XXX
Hey, this time I'm projecting onto Logan for once (honestly, I'm most similar to Logan, but Janus is my favorite so I usually project onto him…).
But yeah, this is mostly just a vent thing, so… it's not that great. But eh, it exists.
XXX
Deep breaths.
In.
Hold.
Out.
He was fine. He knew he was fine, he was going to be fine, and there was no reason for him to feel like this. Really, if anything, this should be a relief. Finally, he could fix what happened and get his life back on track. And yet, as he stared at the calendar, day after day, his heart clenched a little more with each changing of the numbers.
The semester had just ended at his college, and graduation was the day before.
Logan was a senior, and he should have been there.
He wasn't.
Instead, he was scrolling on his phone, eyes flickering past the pictures of his friends as they finished their semesters and put on their robes. Bright eyes and grinning faces stared back at him from the screen, and he couldn't help the ugly feelings rising in his chest (of course, he was also happy for them, happy for the friends he'd long-since distanced himself from, because they'd all worked so hard and they deserved to be happy on such an occasion, but he should have been standing beside them, and he wasn't).

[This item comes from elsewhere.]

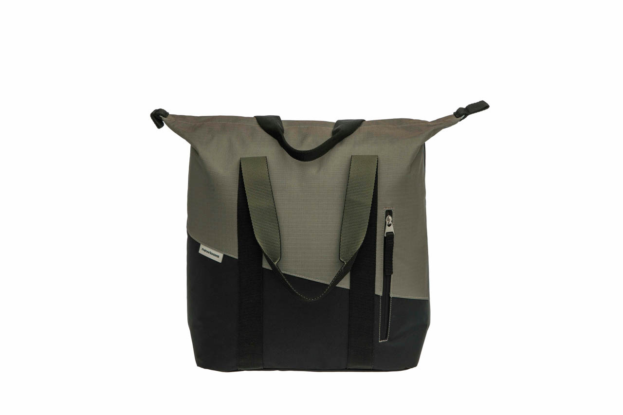 Deze trendy enkele fietstas en pakaftas Oslo Kota van het merk New Looxs heeft een inhoud van 24 liter. De tas is uitgevoerd in de kleurcombinatie zwart en donkergroen. De Kota is een handige shopper, met een ruim hoofdvak, ritsvakken, afdekbare haken en reflectie.

There was nothing he could do about that now, though. Even if he fixed everything, he would never be able to stand beside them at their graduation ceremony, never take photos in matching robes or have a combined celebration or move onto the next stage of their lives together. It would never happen, because he had already condemned himself to falling behind them.
Sometimes, Logan wished he could just be normal for once. And yet, it seemed like, every time he tried, it just blew up in his face. He was never the best at making or keeping friends, so he focused on school. He was the smart kid, and people were proud of him, and it felt good, even though he would stay up all night worried about assignments and never went out anywhere and fell apart any time his performance slipped. Everyone else had friends; Logan had his grades (until he met the others, and even then, he hadn't spoken to them in months, now. He couldn't even bring himself to send them a congratulatory text- because what right did he have to text them now after ignoring them for so long?). His peers started dating, while he didn't even consider it until he was 18 (not because he was 'naive' or 'pure' or 'innocent' like everyone else thought- he just didn't see it as a priority, and he didn't quite understand it either). He would go to the school dances, and he'd end up leaving (running) halfway through. Even when he tried to go to prom, his boyfriend refused to go with him. While everyone applied for weekend jobs, Logan studied. His family was financially well-off enough that he didn't have to, and he didn't need to buy too many superfluous things. As everyone else got their driving permits, Logan found himself too scared of accidentally killing someone to get behind the wheel. When he went to college, he got a single room instead of having a roommate (even though he would have been far less lonely if he had one) because he couldn't stand the idea of not having somewhere he could reliably be alone if he needed it.
His whole life, Logan had been trying to do what everyone else did, but no matter how much he tried to follow along the paths he saw others take, he never seemed to do it quite right. There was always something making it harder for him, something setting him apart even though he just wanted to be normal sometimes.
But normal didn't seem to work for him, which was fine because he was intelligent, so clearly, he'd go to a good college and get a good job and have a good life, even if he messed up everything else. Some people excelled at sports or friendships or leadership. Logan excelled at school.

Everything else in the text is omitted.